Michelle had a photo pass and took some incredible pictures of Sharon and the band. I hope she'll post some soon. Me, I went to bed with a soulful, grooving ringing in my ears, and woke up with Jones' awesome version of "This Land is Your Land" in my head.

Don't miss this show if it comes to your town. Final grade: an easy 4 gliomas.

Evening update: You can now see these and fan photos on SPI.

Comfort Food

Man, Janicio is reading my mind. Today she posted this comment:

"update: a newly discovered comfort food: small slices of sharp cheddar with some of Kate's most excellent grape preserves on a neutral-tasting cracker, then a small slice of blue cheese with a drop of honey. repeat. Can be prepared and eaten with one hand and goes very well with painkillers."

Last night I was thinking of doing a comfort food post about Kaye's jam too. After we got back from the VERY awesome 5 glioma Sharon Jones concert, I discovered possibly the best ever use of Kaye's jam: Take a loaf of fresh baked sourdough bread, tear off chunks and just dip it in the jam. Dip it good. Swirl it around. Don't be shy, get that jam on there! Eat, repeat. Warning: This is delicious, but very bad for your diet. It also causes you to run out of jam rather quickly.
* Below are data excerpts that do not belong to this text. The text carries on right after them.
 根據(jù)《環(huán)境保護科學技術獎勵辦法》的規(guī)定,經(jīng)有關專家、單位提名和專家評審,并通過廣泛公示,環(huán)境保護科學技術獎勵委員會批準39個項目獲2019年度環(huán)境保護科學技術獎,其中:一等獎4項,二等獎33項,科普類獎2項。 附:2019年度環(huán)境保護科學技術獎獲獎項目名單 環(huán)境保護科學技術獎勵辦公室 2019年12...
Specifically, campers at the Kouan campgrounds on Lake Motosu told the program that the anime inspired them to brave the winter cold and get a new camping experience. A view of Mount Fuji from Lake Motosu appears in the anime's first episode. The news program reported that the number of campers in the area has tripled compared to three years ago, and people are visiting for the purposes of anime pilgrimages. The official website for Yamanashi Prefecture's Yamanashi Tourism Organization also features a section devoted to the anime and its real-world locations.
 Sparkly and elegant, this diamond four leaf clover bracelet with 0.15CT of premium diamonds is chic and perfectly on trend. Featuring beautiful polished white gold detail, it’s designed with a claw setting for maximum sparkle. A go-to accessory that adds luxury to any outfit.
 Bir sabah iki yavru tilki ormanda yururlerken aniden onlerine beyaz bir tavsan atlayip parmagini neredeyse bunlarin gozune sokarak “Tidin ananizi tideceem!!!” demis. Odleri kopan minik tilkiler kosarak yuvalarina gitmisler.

Saturday, December 8, 2007

l'Iltaliano

Today's word is il treno. That's train to you and me.

Boardman


Latest in my series of lunch dates was Dave Boardman, my old boss, mentor and friend from the Seattle Times. We met at Il Fornaio downtown, the same place Mich and I lunched with our cousin Rick a week or so ago.

I owe Boardman a lot. When I first started at the Seattle Times in 1987 (that story's available here), I was in the suburban South King County bureau, an OK job at the time time but not where I wanted to be long-term. Five or six months after I started there, a reporting job in the two-person state capital bureau came open and I applied. Boardman was politics editor at the time and I had never met him, but after an interview and a couple of tense days of waiting around he gave me the gig. It turned out, I think, that no one else from within the paper applied, and the choice was between me and some cub reporter from Cleveland who only seemed about half interested. No matter, I was thrilled to get the assignment, and to this day it remains one of my all-time favorite journalism jobs.
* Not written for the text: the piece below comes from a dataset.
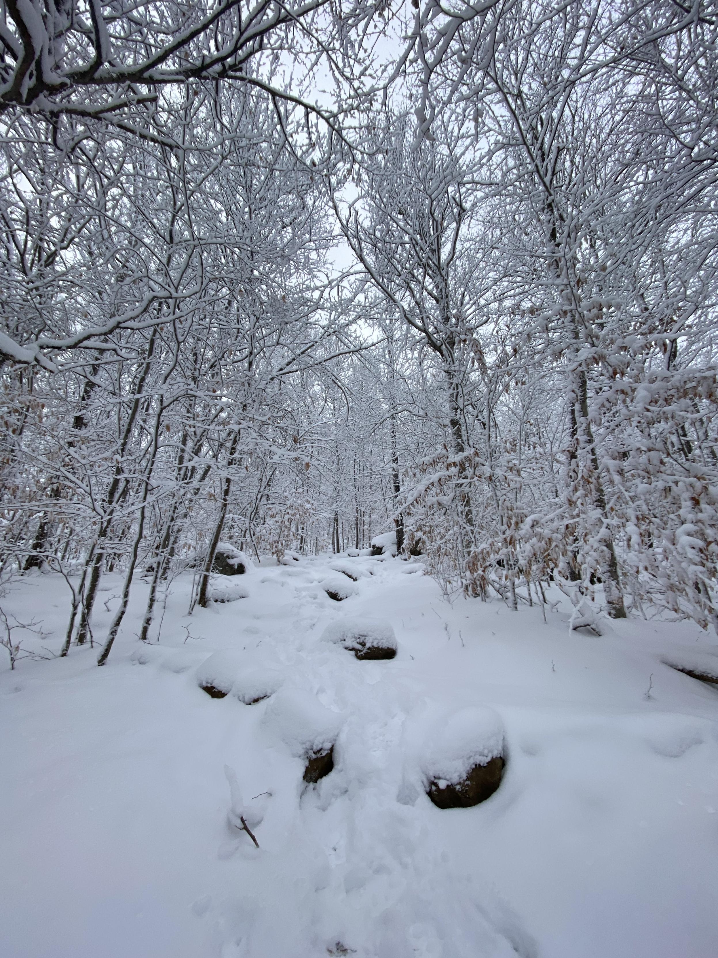 A snowy path in a forest. It looks black and white. The tree trunks are dark and there's deep white snow, and gray sky.
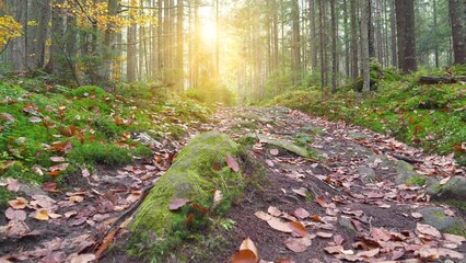 Autumn forest with coniferous trees, green moss and shine of beautiful setting sun

Boardman was a good boss and an excellent editor. He taught me a lot about developing story ideas off the news, and I think we were a great team. We could almost read each other's minds about what a story needed. He pushed me to finish stories much faster and with more depth than I thought was possible, and -- I'll say on my own behalf -- I think I delivered. Later, when he was city editor he hired me as politics editor, a job that led to plenty more opportunities. I grew a lot under his tutorship, and a lot of the things I've done as an editor since are things I learned from Dave.

He also was a good friend. When Greta and I were producing her first solo album Dave was a financial supporter. He turned us onto an amazing rental house at Green Lake, owned by a friend of his -- Carol Smith, who later became a friend and colleague at the P-I. When Greta was in the hospital delivering Gina -- a story in itself, complete with 30-hour labor and a C-section -- somebody broke into our house. Somehow Boardman found out about it, notified me at the hospital and secured our place until I could get home. He's a big-hearted guy.
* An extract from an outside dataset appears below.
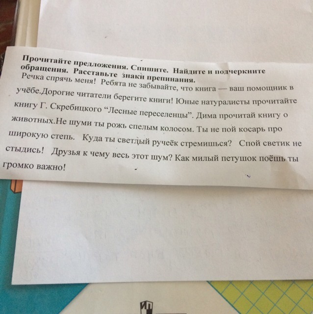 РЕЧКА, спрячь меня! РЕБЯТА, не забывайте что книга-- ваш помощник в учёбе. ДОРОГИЕ ЧИТАТЕЛИ, берегите книги! ЮНЫЕ НАТУРАЛИСТЫ, прочитайте книгу Г. Скребицкого "Лесные переселенцы". ДИМА, почитайкнигу о животных. Не шуми ты, РОЖЬ, спелым колосом. Ты не пой, КОСАРЬ, про широкую степь. Куда ты, СВЕТЛЫЙ РУЧЕЁК, стремишься? Спой, СВЕТИК, не стыдись! ДРУЗЬЯ, к чему весь этот шум? Как, МИЛЫЙ ПЕТУШОК, поёшь ты громко, важно!

Somewhere along the line, though, we had a falling out at work. The details aren't important at this point, but it's safe to say we had different ideas about when and how I should take the next steps in my career. I was mad about it for years -- not without justification, I think.

But, you know, time marches on. I've been sick, and I have to say Dave was one of the first people to offer support and friendship. When we launched "Team Mark," to send me to the World Series of Poker this summer, Dave was an early and generous contributor.

A couple of weeks ago, he sent me this cool photo of the girls performing with Greta at Pacific Place, and we decided to meet for lunch.

Our date Thursday was nice. We talked about my health, his job, our kids, and caught up after a long time of not seeing each other one-on-one. Dave asked me what was the biggest difference between working at the Times and the P-I. I told him the truth: The P-I is a warmer, more collegial place to work, and I think that is both its greatest strength and biggest weakness. Everybody really likes each other, but the result, it sometimes seems to me, is that management is reluctant to make tough decisions that would help the paper for fear of making someone unhappy and ruining the vibe.

Anyway, after all this time it was nice to reconnect with Boardman.

Tonight, before the Sharon Jones concert (the evening's highlight), is the P-I holiday party. We'll all be happy to see each other, I'm sure.

Friday, December 7, 2007

Today's word is... le indicazioni

That means directions, or information.

As in, "can you give me directions to a casino that is not full of idiots who call three bets cold and catch impossible cards on the river, and take all of your money?"

Mom, can you translate that for me?

The carrot incident


For the benefit of Freda, who was out of town at the time and somehow couldn't get the link to work from a previous comment, here is that item from October about the M&M carrot war.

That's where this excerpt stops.